Fibre-reinforced thermoplastic (FRTP) composites can offer a number of in-service benefits over FRTS alternatives, including superior ductility, impact resistance and damage tolerance. FRTPs are processed with in situ consolidation, and additional curing is not required. Furthermore, thermoplastics can be melted down and recycled. In light of this, manufacturers have developed FRTP driveshafts in recent years. Given inherent concerns surrounding temperature stability, it is important to investigate the performance of FRTP driveshafts at the maximum service temperatures required for practical applications, taking into account the effects of temperature on material properties. A maximum service temperature of at least 120 °C is typically required for compact and medium-sized car driveshafts.¹⁷ To the authors’ best knowledge, the torsional behaviour of an FRTP driveshaft at elevated temperature has not previously been examined and compared with traditional metallic counterparts considering temperature-dependent material properties in the literature.

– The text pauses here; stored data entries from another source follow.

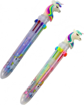 Een leuke en praktische meerkleurige pen met een eenhoornmotief biedt 10 kleuren in één. Dankzij het automatisch kleurwisselsysteem pas je schrijven en tekenen eenvoudig aan zonder van pen te wisselen. Het vrolijke eenhoorndesign stimuleert de creativiteit van kinderen en maakt alledaags schrijven leuker.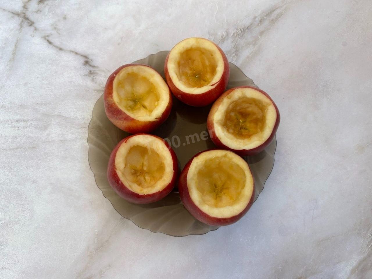 Промойте яблоки, срежьте верхушки (в виде крышечки) и аккуратно удалите сердцевину чайной ложкой, стараясь оставить дно целым.
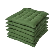 Set aus 6 Sitzkissen mit Bändern und praktischem Knopfverschluss. Größe je Stuhlpolster: ca. 40 x 40 x 5 cm. Farbe: grün/olivgrün. Obermaterial: 100% Baumwolle. Die Stuhlauflagen sind hautfreundlich…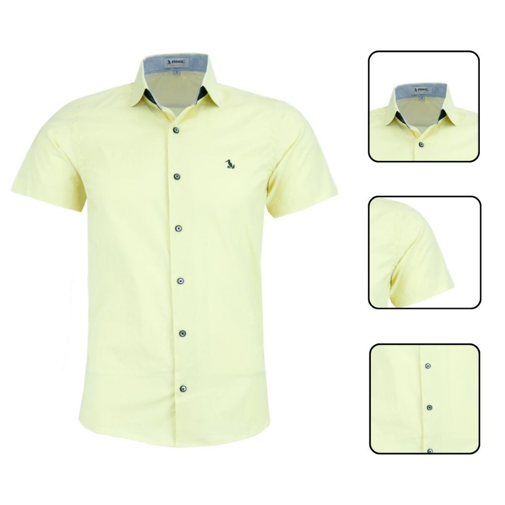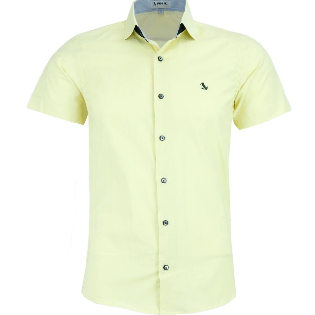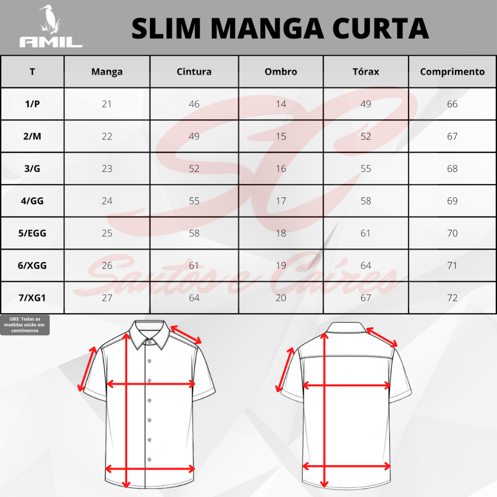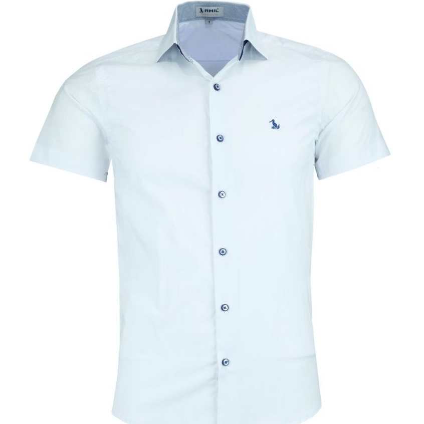 Camisa Social Amil Masculina Manga Curta Slim Luxo

In this paper, FE models are developed to analyse the material failure and buckling responses of a carbon/polyetheretherketone (PEEK) driveshaft under torsion combined with uniform temperature increase up to 125 °C. Reductions in critical speed at elevated temperature are also quantified. The results are compared with traditional aluminium and steel shafts to assess practical performance capabilities. In addition to the fully carbon fibre-reinforced plastic (CFRP) shaft, hybrid driveshafts composed of an aluminium tube over-wrapped with CFRP layers (not previously examined at high temperature) or unreinforced plastic tube over-wrapped with CFRP are also studied. The concept of replacing a portion of the CFRP laminate with a thick layer of unreinforced plastic could represent an economical means of lowering the total volume of carbon fibres without adding susceptibility to corrosion and does not appear to have been analysed before this paper. Temperature-dependent material properties are considered throughout the analyses.

Methodology

Driveshaft dimensions and materials

Generic design parameters, typical of available passenger car driveshafts, considered in the present investigation are given in Table 1. For the purpose of comparison, all shafts were considered to have the same outer diameter.

Table 1.

Driveshaft design parameters.

Dimension	Value
Length (mm)	1270
Outer diameter (mm)	101.6
Maximum applied torque (Nm)	3500
Minimum required critical speed (r/min)	6000
Maximum service temperature (°C)	125

Carbon/PEEK AS4/APC-2 was selected for this work. APC-2 is semi-crystalline with a glass transition temperature of 143 °C and can be used up to 260 °C depending on stress conditions.¹⁸ APC-2 composites display excellent toughness and resistance to damage and environmental conditions. Temperature-dependent properties for AS4/APC-2 are listed in Table 2, with the values at intermediate temperatures being linearly interpolated in this study. It was noted that α₁ is a small, negative value, meaning the composite will contract in the fibre direction when heated. Negative coefficient of thermal expansion (CTE) is not often come across in materials science but is a known characteristic of carbon fibre.²⁰ The compositing of carbon fibres and polymer matrix can result in near-zero CTEs that can be exploited in applications involving tight tolerances.

Table 2.

Properties of unidirectional AS4/APC-2 carbon/PEEK.¹⁹

Property	Value at 25 °C	Value at 125 °C
E₁ (GPa)	141.72	127.43
E₂ (GPa)	9.57	8.27
G₁₂ (GPa)	5.97	4.41
ν ₁₂	0.37	0.38
α₁ (°C⁻¹)	−0.18 × 10⁻⁶	−0.18 × 10⁻⁶
α₂ (°C⁻¹)	23.94 × 10⁻⁶	23.94 × 10⁻⁶
X_T (MPa)	2068	1988
Y_T (MPa)	79	62
X_C (MPa)	1196	949
Y_C (MPa)	177	136
S_L (MPa)	185	142
S_T (MPa)	91	71
ρ (kg/m³)	1560	1560

A fibre winding angle of 45° from the shaft longitudinal axis is known to be optimal for torque loading capacity.⁷ A carbon/PEEK shaft composed of 30 plies of equal thickness arranged in the angle-ply sequence [±45]₁₅ was studied in this work. The total wall thickness was 3.75 mm and the mass of the driveshaft was 2.28 kg.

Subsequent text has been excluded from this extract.